- What the task asks -
Everything from the line with "依据国赛竞赛规则,学校专项研" to the last line of the listing must be retyped exactly, both ends included, with the pictures dropped.

- Data section -
• • •

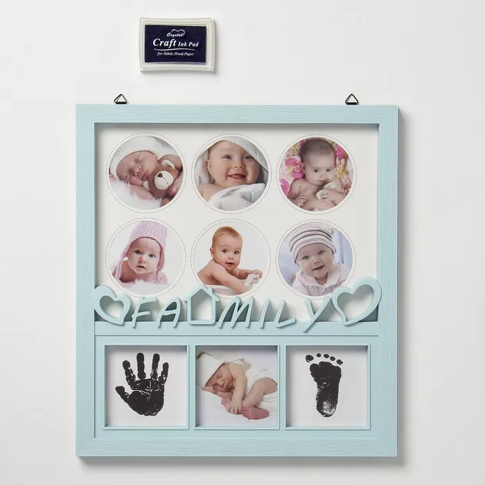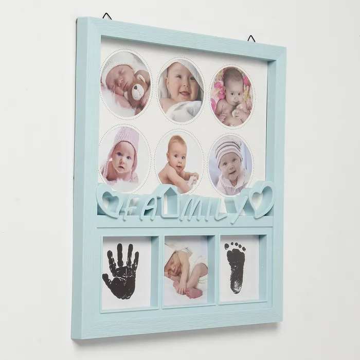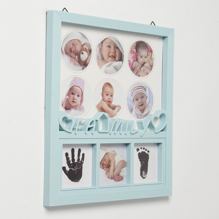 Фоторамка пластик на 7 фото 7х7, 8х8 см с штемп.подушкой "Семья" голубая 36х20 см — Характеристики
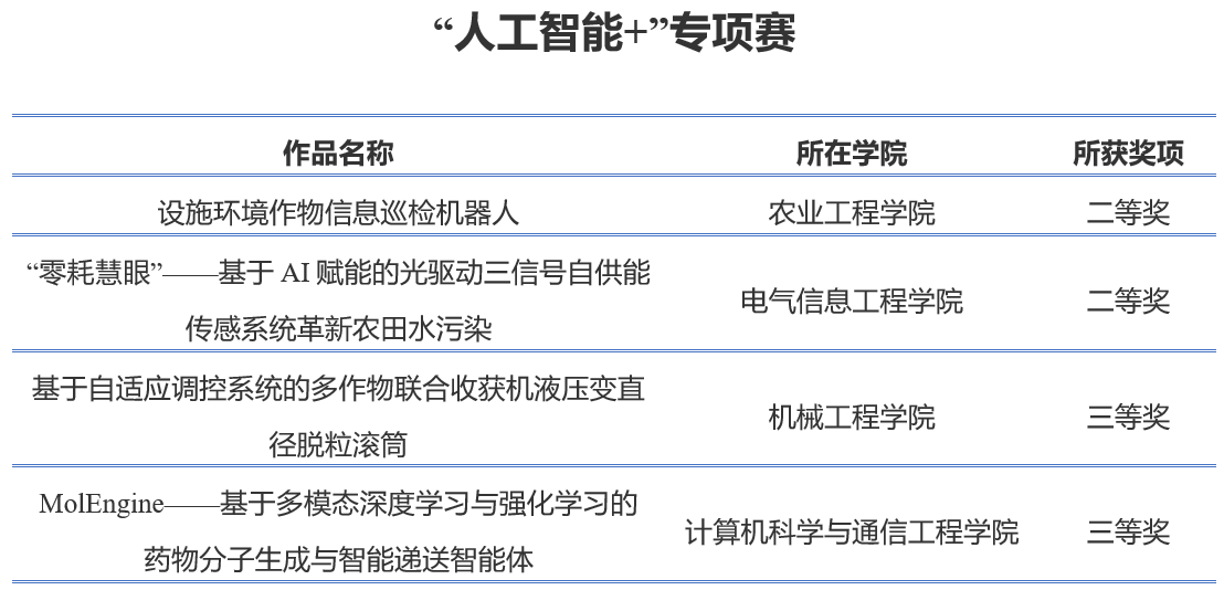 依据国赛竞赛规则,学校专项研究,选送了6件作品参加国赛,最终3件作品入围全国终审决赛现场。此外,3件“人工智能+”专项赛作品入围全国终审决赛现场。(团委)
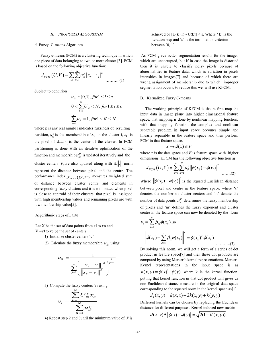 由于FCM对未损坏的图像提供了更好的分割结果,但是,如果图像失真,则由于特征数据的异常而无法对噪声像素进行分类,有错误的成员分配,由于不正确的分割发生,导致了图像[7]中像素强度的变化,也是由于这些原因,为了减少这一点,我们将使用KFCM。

• • •

- Result -
 依据国赛竞赛规则,学校专项研究,选送了6件作品参加国赛,最终3件作品入围全国终审决赛现场。此外,3件“人工智能+”专项赛作品入围全国终审决赛现场。(团委)
 由于FCM对未损坏的图像提供了更好的分割结果,但是,如果图像失真,则由于特征数据的异常而无法对噪声像素进行分类,有错误的成员分配,由于不正确的分割发生,导致了图像[7]中像素强度的变化,也是由于这些原因,为了减少这一点,我们将使用KFCM。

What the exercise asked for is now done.